Who can migrate to the US and make their home here? Who gets to drop US-made bombs, and who is expected to suffer them? These are not unrelated questions.

Nativism in American politics long predates the Clinton Administration. But it did not begin as a blanket rejection of immigration. Nativism’s historical precursor was instead a racially selective pro-migration program: the project of settler colonialism demanded that certain types of European migrants “advanc[e] compactly as we multiply” across the North American continent, as Thomas Jefferson wrote. Enslaved Africans, of course, were transported by force. It was the sort of demographic regime of ethnic cleansing and replacement that governs other settler-colonial projects — including the one still unfolding today in Palestine.

As Indigenous people were killed, dispossessed, and displaced across an expanding United States, settlers came to identify as natives — and, in turn, as nativists. Calls inevitably arose to exclude would-be immigrants who didn’t fit the white-settler racial ideal. Since the early 19th century, the racist demand for immigration exclusion — anti-Irish, anti-Chinese, anti-Japanese, anti-Jewish, anti-Italian, anti-Filipino, anti-Mexican, anti-Latino, anti-Arab, and anti-Muslim — has been a key motif in American history.

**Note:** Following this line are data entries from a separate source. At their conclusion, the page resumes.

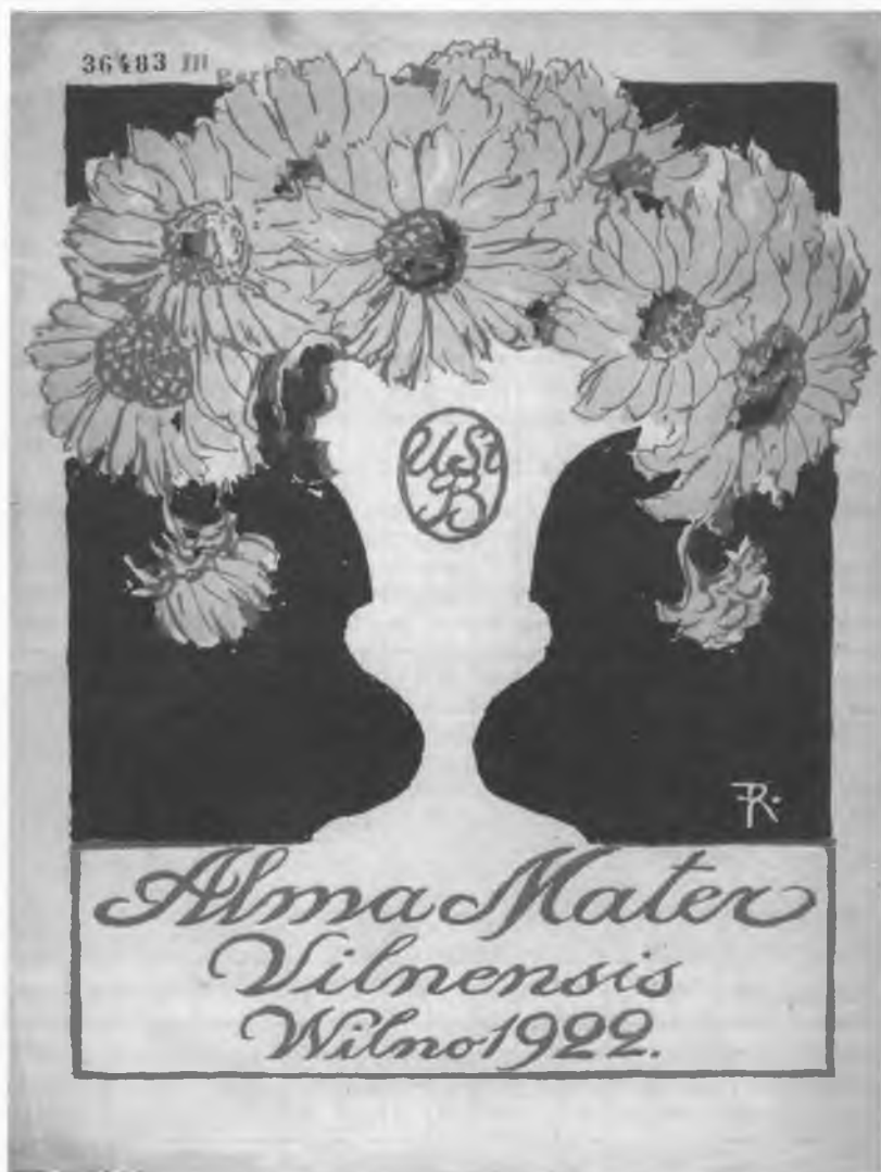
Okladka czasopisma akademickiego „Alma Mater Vilnensis”. Projekt F. Ruszczyc
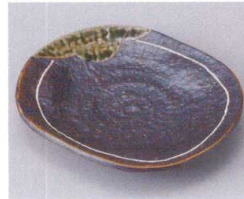
183-301-58 480円 鉄釉一珍ライン小判取皿 (15×13×2.5) 518530358
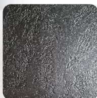
Opal Black (BkO)

*)Dostępne kolory PREMIUM grzejnika TOR (struktura kamienia łupanego).
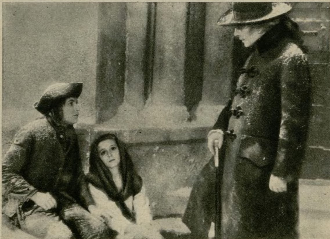
En 1933 se ha estrenado en España otra nueva versión de «Las dos huérfanas», realizada en Francia por Maurice Tourner, a la que pertenece esta escena.
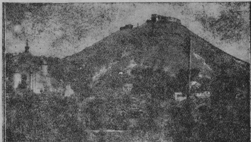
Ilustracja nasza przedstawia piękny widok z tarasu przed kościołem Liceum Krzemienieckiego na górę Królowej Bony z ruinami zamku, wniesionego przez Wielkiego Księcia Witolda. Na lewo widzimy sobór św. Mikołaja — dawny kościół O. O. Franciszkanów, zbudowany w r. 1606 przez książąt Wiśniowieckich w stylu barokowym.
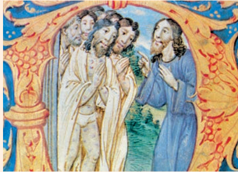
Jesús i els leprosos. Miniatura del Missal del cardenal Cisneros, Biblioteca Nacional (Madrid)

Naamán dijo: «Entonces, que entreguen a tu servidor una carga de tierra, que pueda llevar un par de mulas; porque en adelante tu servidor no ofrecerá holocaustos ni sacrificios de comunión a otros dioses fuera del Señor.»

Today’s nativist politics owes much to that lineage, but also to more contemporary inputs: overpopulation hysteria beginning in the late 1960s; the eruption of anxiety about border security since the 1970s, when a stagflated economy spawned the initial neoliberal counterrevolution; and, in the 1990s, the hardening of vehement anti–Mexican migrant sentiment into a bedrock of Republican and conservative-movement politics, which promptly began pulling Democrats to the right.

Starting in the early 2000s, against this rising tide, responsible liberals and conservatives sought a solution to please all sides: “comprehensive immigration reform.” Time and again, Democrats and self-styled Republican moderates proposed increased border security as a part of larger packages that would also legalize undocumented immigrants and supply American business with guest workers. These negotiations became major priorities for Presidents George W. Bush and Barack Obama, who each spent significant political capital trying to pass legislation. Yet they failed every time, stymied by conservative nativists who, riled by Fox News and talk radio, insisted on border security alone, with no accommodation for undocumented immigrants.

In response, Democrats and Republicans serially capitulated to the right, strengthening enforcement with no pro-immigrant measures attached — all in order to prove their “seriousness.” Since 1992, the Border Patrol ranks have grown by nearly 400 percent, from 4,139 agents to roughly 20,000 today. The number of miles of border fencing — Trump’s “wall” in all but name — grew from just 14 in 1990 to 654 at the time of Trump’s inauguration. Democrats have likewise expanded and accelerated the federal deportation pipeline by linking it to the gargantuan US criminal justice system. Both Clinton’s Illegal Immigration Reform and Immigrant Responsibility Act and the Secure Communities program, piloted under Bush but rolled out under Obama, made cops, courts, prisons, and jails a powerful force in immigration incarceration and deportation. All in exchange for nothing.